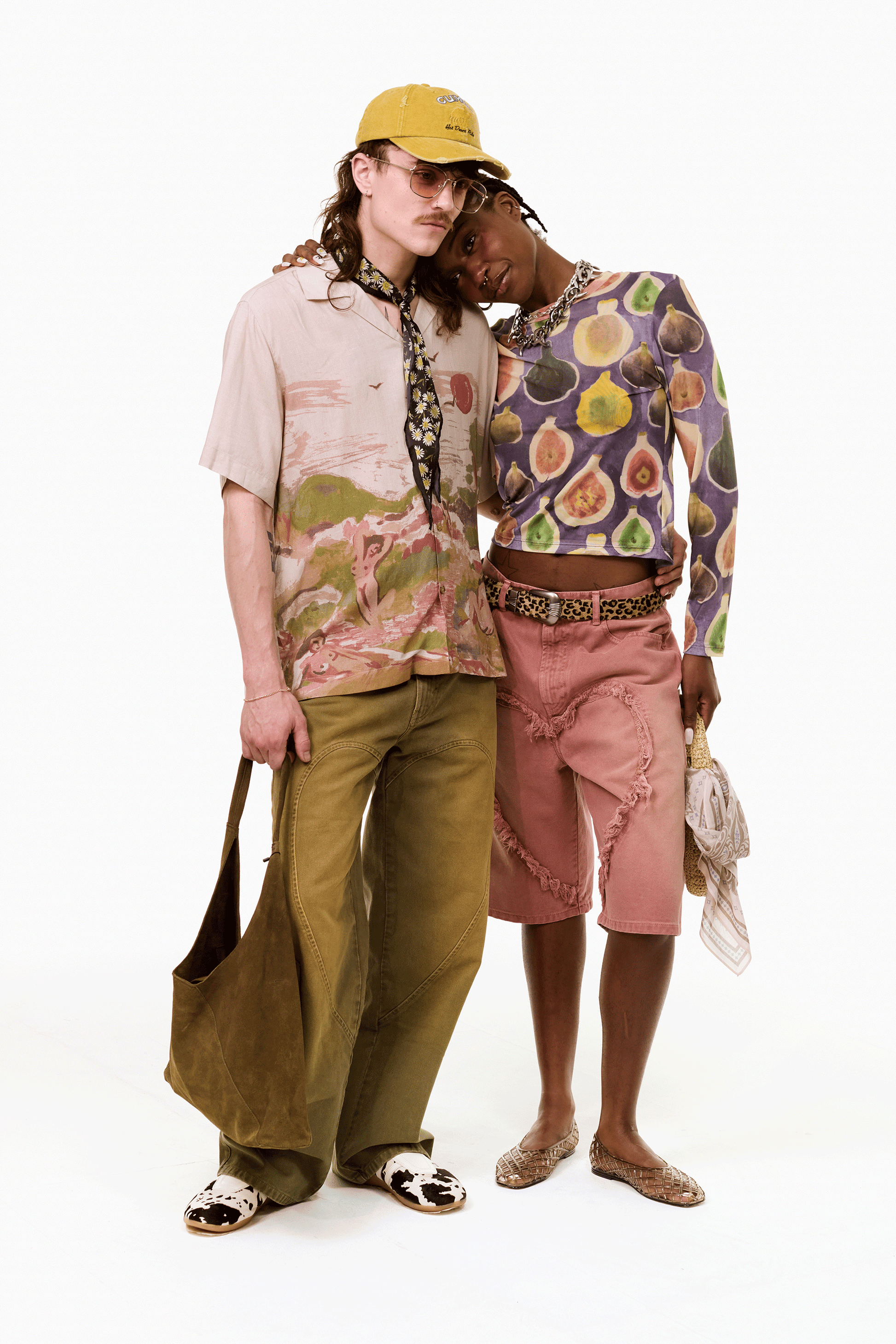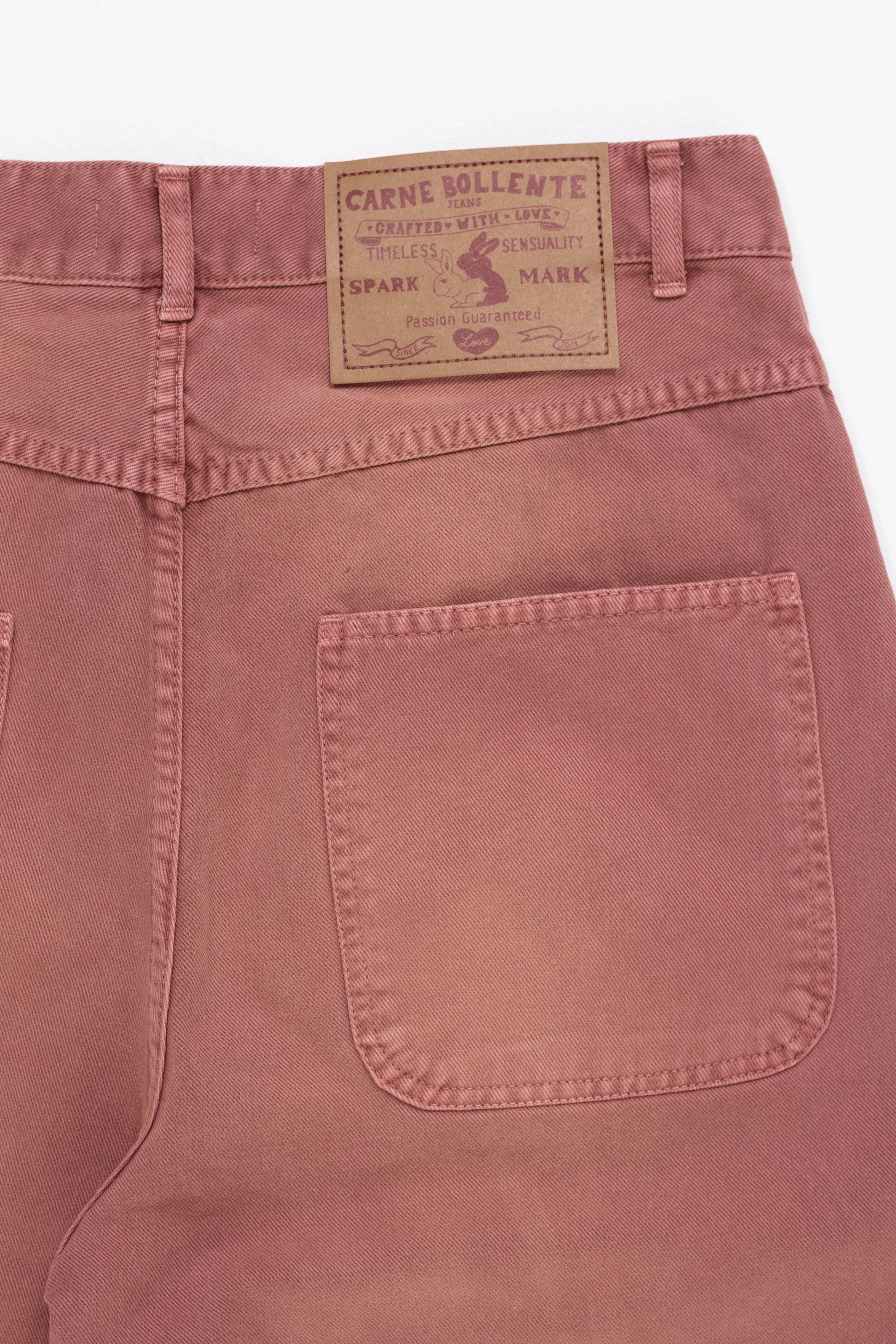 ダメージで表現されたハートをあしらったハーフパンツ。
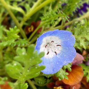 久しぶりの投稿✨ ネモフィラ 種から植えて放ったらかしでも咲いてくれました😅 葉っぱもギザギザでかわいい💕 今日は冷たい雨だけど、キラキラしてキレイ✨
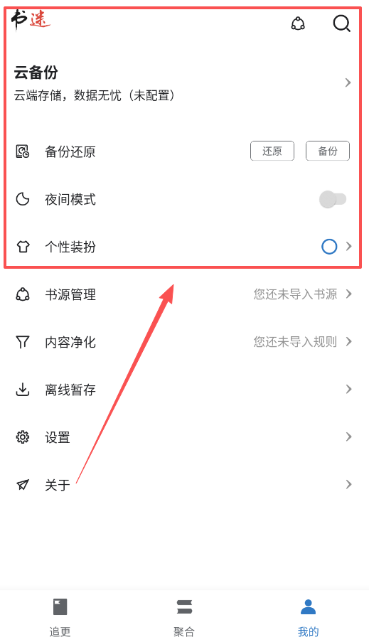 4、在畅游书海之余,记得在我的页面为你的数据上好云备份的保险,并设置好夜间模式,让阅读之旅更安心舒适。
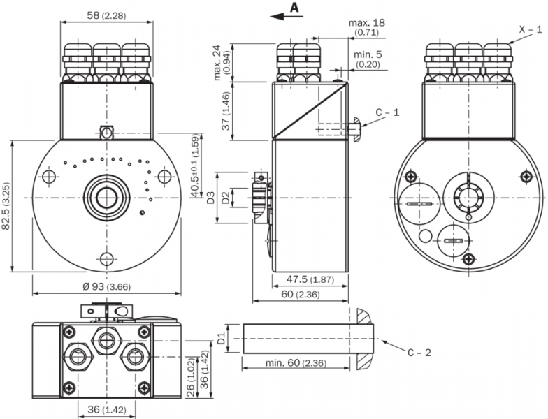 1) Согласно DIN ISO 1319-1, верхний и нижний допуск зависят от условий монтажа, указанное значение приводится для симметричного расположения, то есть отклонения в верхнем и нижнем направлении одинаковы.
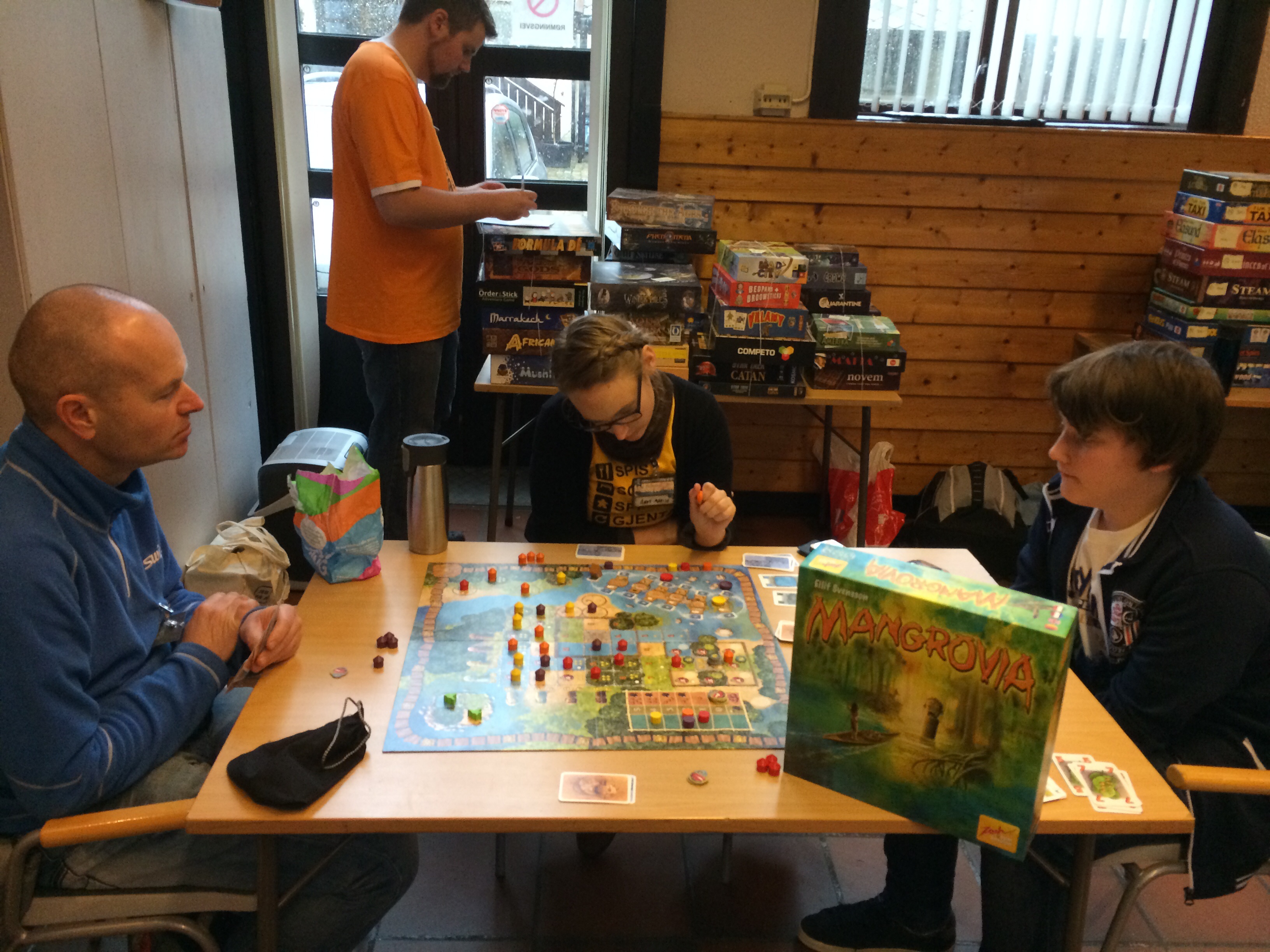 Saulius stakk og Sveinmain fant frem Mangrovia et spill av norske Eilif Svensson. Daniel, en hyggelig gutt fra Karmøy joinet oss og Anne Marije forlot ikke skuta, og ble med meg og Black ant. Mangrovia ble meget godt mottatt blant både ungdommer og den kvinnelige delen av spillerne. Selv synes jeg det er et veldig behagelig passe langt spill, så også denne gangen. 9/10.
★ ★ ★ ★ ★ ★ ★
Exercise description: Could you repeat, exactly and with nothing added, the lines from the top of the entries above through the line that holds "1) Согласно DIN", leaving out any pictures?

Written answer:
 ダメージで表現されたハートをあしらったハーフパンツ。
 久しぶりの投稿✨ ネモフィラ 種から植えて放ったらかしでも咲いてくれました😅 葉っぱもギザギザでかわいい💕 今日は冷たい雨だけど、キラキラしてキレイ✨
 4、在畅游书海之余,记得在我的页面为你的数据上好云备份的保险,并设置好夜间模式,让阅读之旅更安心舒适。
 1) Согласно DIN ISO 1319-1, верхний и нижний допуск зависят от условий монтажа, указанное значение приводится для симметричного расположения, то есть отклонения в верхнем и нижнем направлении одинаковы.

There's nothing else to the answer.